» TASK REQUIREMENTS
Using the listing below, set down exactly the lines from the one that contains "Auf der westlichen" through the one that contains "1月23日(金)の給食は「ご", with no pictures.

» DATA EXCERPTS
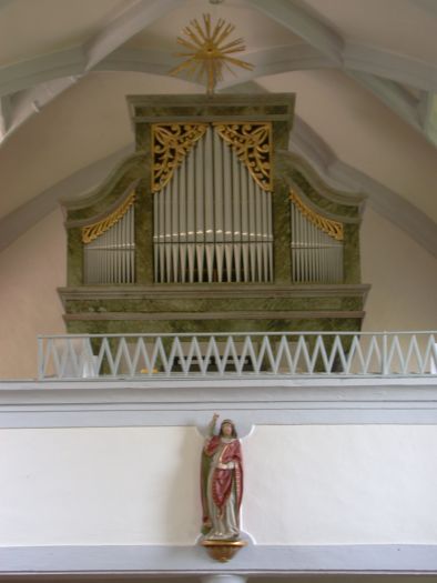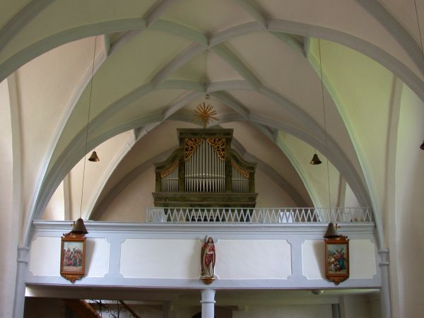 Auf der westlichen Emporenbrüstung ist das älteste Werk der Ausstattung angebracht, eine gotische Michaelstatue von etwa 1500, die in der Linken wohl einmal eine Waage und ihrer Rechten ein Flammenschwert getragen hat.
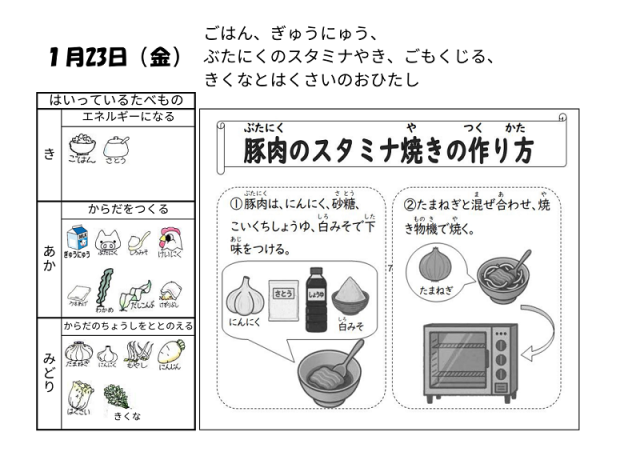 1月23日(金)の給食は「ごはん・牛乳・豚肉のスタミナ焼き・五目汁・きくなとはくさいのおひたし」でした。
* * *
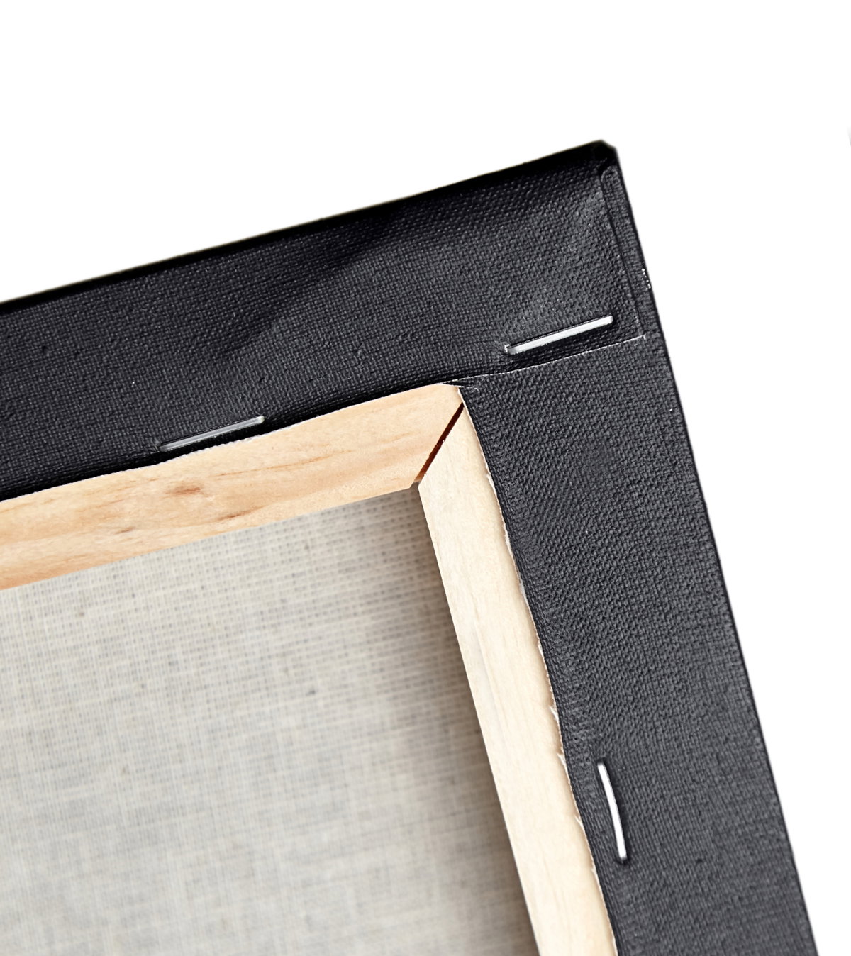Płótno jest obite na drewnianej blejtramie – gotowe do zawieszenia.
---
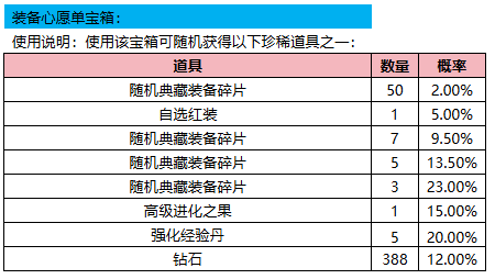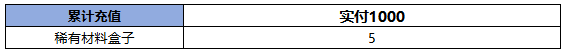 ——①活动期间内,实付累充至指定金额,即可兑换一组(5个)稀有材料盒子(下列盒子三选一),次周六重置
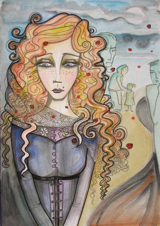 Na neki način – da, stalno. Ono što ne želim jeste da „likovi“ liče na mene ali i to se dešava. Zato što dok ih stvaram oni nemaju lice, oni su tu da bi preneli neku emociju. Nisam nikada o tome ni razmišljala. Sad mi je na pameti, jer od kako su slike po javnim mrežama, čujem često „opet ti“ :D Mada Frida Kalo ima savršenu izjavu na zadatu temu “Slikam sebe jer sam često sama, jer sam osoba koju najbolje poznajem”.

» RESPONSE BELOW
 Auf der westlichen Emporenbrüstung ist das älteste Werk der Ausstattung angebracht, eine gotische Michaelstatue von etwa 1500, die in der Linken wohl einmal eine Waage und ihrer Rechten ein Flammenschwert getragen hat.
 1月23日(金)の給食は「ごはん・牛乳・豚肉のスタミナ焼き・五目汁・きくなとはくさいのおひたし」でした。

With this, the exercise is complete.